-- Opening Marker --
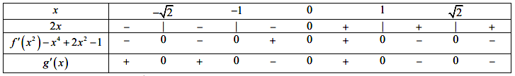 Khảo sát hàm số \(g\left( x \right) = f\left( {{x^2}} \right) - \dfrac{{{x^6}}}{3} + {x^4} - {x^2}\).
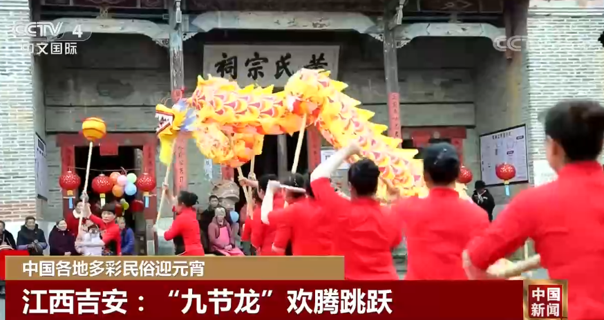 在江西吉安县敖城镇功阁村,伴随着欢快的鼓点,村里的女子舞龙队舞起九节布龙,用竹蓖编制而成的“九节龙”欢腾跳跃,喜庆又热闹。
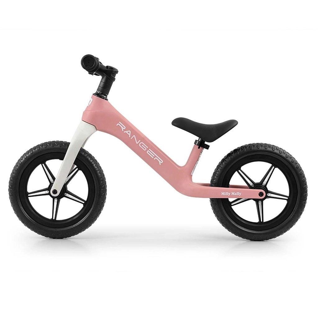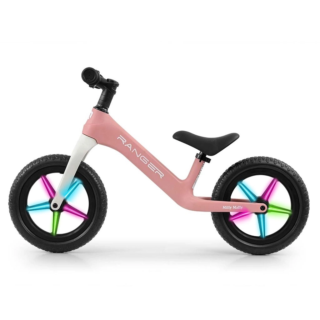 Bicicleta de echilibru ușoară MILLY MALLY Ranger Flash, în culoare roz, îi ajută pe copii să-și dezvolte echilibrul și coordonarea înainte de a trece la bicicleta cu pedale. Oferă un cadru compozit, roți EVA de 12″ fără întreținere și înălțime reglabilă a șeii pentru confort și pentru a crește odată cu copilul. Ghidon și roți pe rulmenți, mânere moi antiderapante și iluminare LED a spițelor jantelor sporesc siguranța și distracția la mers.
-- Closing Marker --
* **HOW TO COMPLETE THIS TASK**:
Please quote the lines of the material, beginning with the first and ending with the one that contains "在江西吉安县敖城镇功阁村,伴", exactly as written and without any pictures.

* **TASK RESULT**:
 Khảo sát hàm số \(g\left( x \right) = f\left( {{x^2}} \right) - \dfrac{{{x^6}}}{3} + {x^4} - {x^2}\).
 在江西吉安县敖城镇功阁村,伴随着欢快的鼓点,村里的女子舞龙队舞起九节布龙,用竹蓖编制而成的“九节龙”欢腾跳跃,喜庆又热闹。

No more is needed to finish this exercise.